Life this weekend must seem pretty grim for Amanda Knox, the American student sentenced to 26 years in jail by at Italian court for the murder of a young British woman, Meredith Kercher.
In America, there have been howls of indignant rage at the guilty verdict, the implication being that Knox was convicted on insubstantial evidence in a Mickey Mouse trial. I shall return to the respective merits of American and Italian justice a little later.
The first thing to be said about the trial outcome is that if you were not present in court, your view of guilt and innocence is uninformed and ultimately worthless.
Court cases that grind on for months, indeed even those that are done and dusted in a fortnight, involve a huge volume of evidence. However diligently reporters cover the proceedings, their editors have appetite for little more than a few snatches of what goes on. Documents of all kinds and varying importance are available to judges and juries and not necessarily to the press.
As people looking on from outside, we simply have insufficient knowledge of the material before the court to entitle us to pontificate on the correct verdict.
But we are human and therefore do so in any case. Sometimes, we can apply general principles that do not depend strictly on the fine detail of the case. We may, for example, be against capital punishment, or vindictive prison sentences or denial of bail, and such thoughts would be unaffected by the actual evidence.
That is not to say that the courts do not make mistakes. I have attended trials where, I believe, miscarriages have occurred, in terms of the conviction of innocent or possibly innocent people, the acquittal of the guilty and the nature of sentences imposed.
Only three living people know the truth of their own guilt or innocence in the case of Meredith Kercher: Amanda Knox and Raffaele Sollecito, convicted with her, plus Rudy Guede, who opted for a fast track trial (Knox and Sollecito say he was the lone killer). All are in prison.

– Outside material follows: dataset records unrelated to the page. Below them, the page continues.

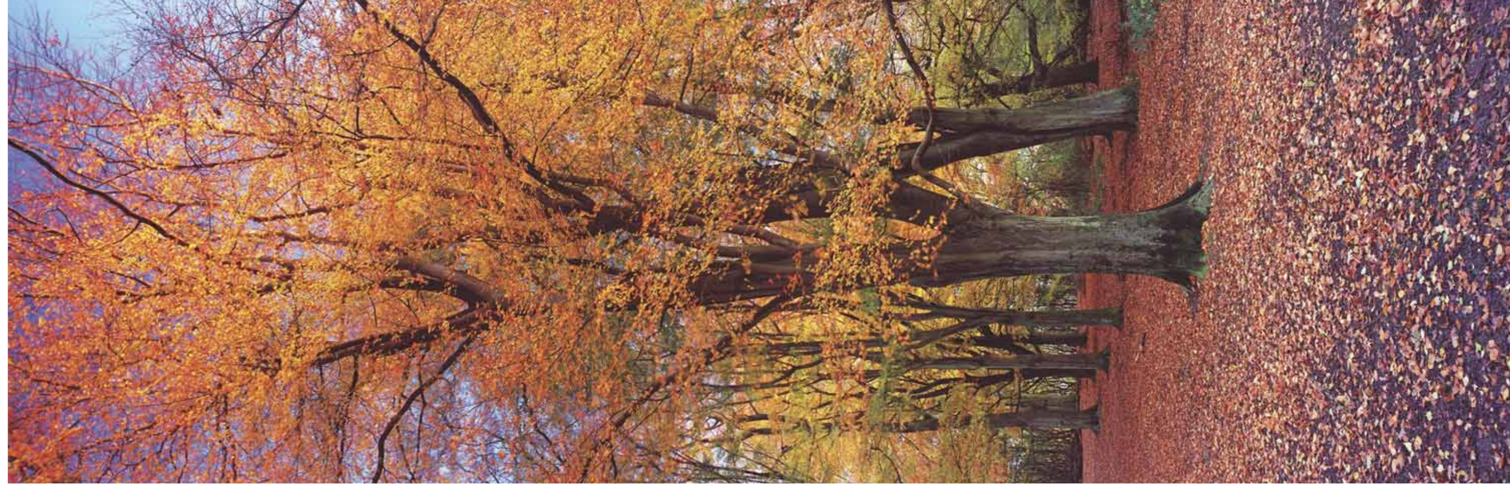
AUTUMN BEECH 153 x 51cm, Edition of 75

Front Cover: Beech Tree Stand, 40 x 57cm, Edition of 75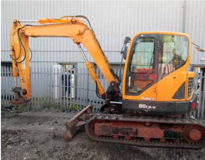
2014 Hyundai R80CR-9 – 739 hours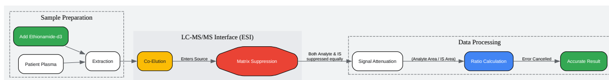
Diagram 1: The Mechanism of Stable Isotope Correction

Click to download full resolution via product page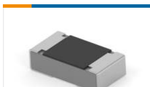
TE Part #6-2176481-0 RA73F 1J 24K3 0.1% 5K RL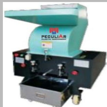
High Power Crusher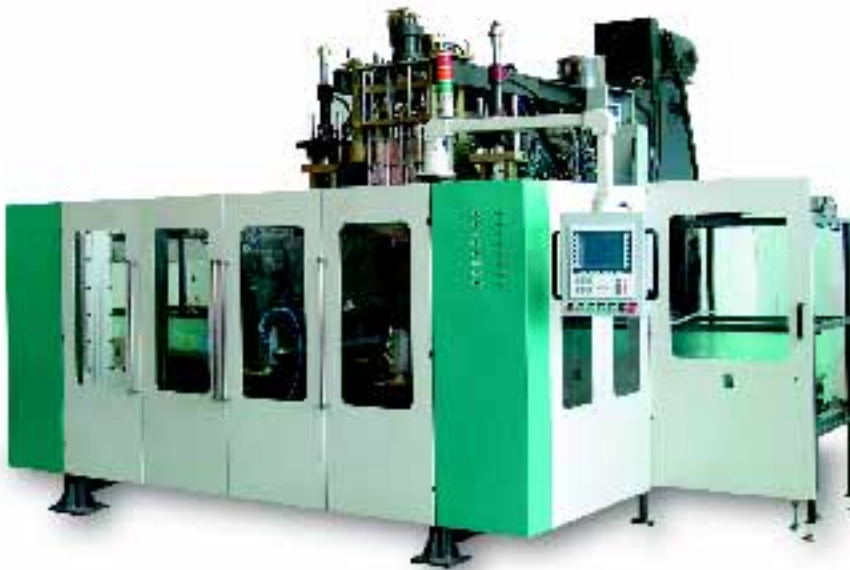
Double-station 20T Blow Moulding Machine

As for our other manufacturing businesses like plastic injection moulding and circuit board processing, we will continue to adhere to the same guiding principles and investment visions in updating our technologies, renewing our products and optimizing our management in a pragmatic and forward-looking manner to tie in with the latest needs of the market.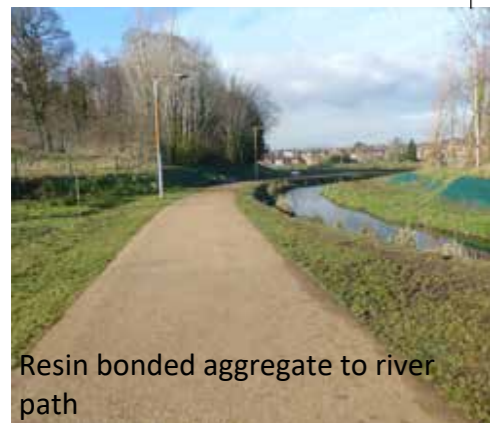
Resin bonded aggregate to river path

If Amanda Knox is innocent, I pray that the error is identified and rectified. If she is guilty, the sentence, though severe, could hardly be described as unjust. The same applies to Sollecito, jailed for 25 years. However bleak their lives are just now, the one certainty is that Ms Kercher has been robbed of any life at all by whatever happened in that house in Perugia.
The caution mentioned in my headline is the sort I urge people to exercise when considering the way this trial has ended. The consolation, for Amanda Knox, is that she was tried and convicted in the relatively civilised environment of a European justice system.
Such are the infantile sentencing policies adopted by American courts that supposing she had stood trial in her native country, and assuming further that the case was not in a state with capital punishment as a likely or available option, she would have faced a prison sentence measured in multiples of life expectancy.